REQUIRED ACTION: Beneath this instruction is a listing; print exactly the lines in it starting at the line that contains "Harley Mens Size" and going through the line that contains "Tenzin Homestay offers".

RECORDS TO PROCESS:

-=-=-=-=-

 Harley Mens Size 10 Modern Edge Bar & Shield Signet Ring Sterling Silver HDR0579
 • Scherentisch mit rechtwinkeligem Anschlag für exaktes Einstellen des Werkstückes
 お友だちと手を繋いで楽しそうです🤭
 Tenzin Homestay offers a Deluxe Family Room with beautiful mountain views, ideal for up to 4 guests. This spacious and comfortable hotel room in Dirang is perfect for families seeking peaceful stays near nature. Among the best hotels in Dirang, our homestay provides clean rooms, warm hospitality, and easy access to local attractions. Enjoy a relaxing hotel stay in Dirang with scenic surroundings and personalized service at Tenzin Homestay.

-=-=-=-=-

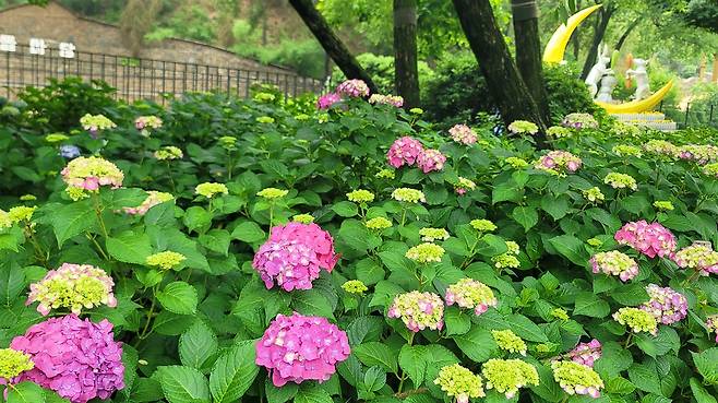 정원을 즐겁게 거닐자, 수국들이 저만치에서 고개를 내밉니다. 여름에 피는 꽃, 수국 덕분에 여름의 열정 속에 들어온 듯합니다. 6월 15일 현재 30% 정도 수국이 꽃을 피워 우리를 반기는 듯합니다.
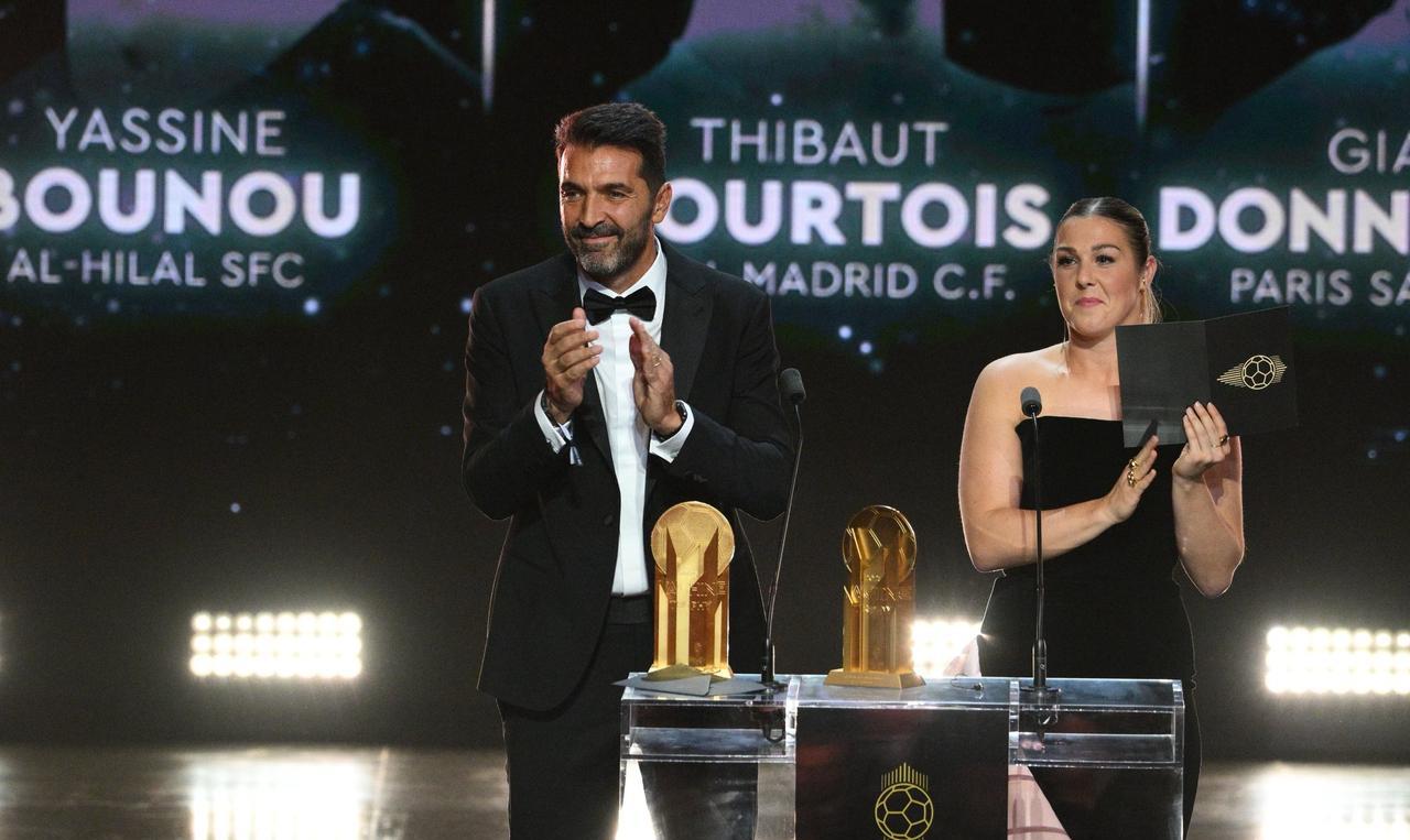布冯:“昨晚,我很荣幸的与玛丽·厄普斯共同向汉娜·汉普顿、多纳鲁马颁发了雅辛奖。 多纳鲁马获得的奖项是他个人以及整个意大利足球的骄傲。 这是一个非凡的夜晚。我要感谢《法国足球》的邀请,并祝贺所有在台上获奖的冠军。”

-=-=-=-=-

REPLY:
 Harley Mens Size 10 Modern Edge Bar & Shield Signet Ring Sterling Silver HDR0579
 • Scherentisch mit rechtwinkeligem Anschlag für exaktes Einstellen des Werkstückes
 お友だちと手を繋いで楽しそうです🤭
 Tenzin Homestay offers a Deluxe Family Room with beautiful mountain views, ideal for up to 4 guests. This spacious and comfortable hotel room in Dirang is perfect for families seeking peaceful stays near nature. Among the best hotels in Dirang, our homestay provides clean rooms, warm hospitality, and easy access to local attractions. Enjoy a relaxing hotel stay in Dirang with scenic surroundings and personalized service at Tenzin Homestay.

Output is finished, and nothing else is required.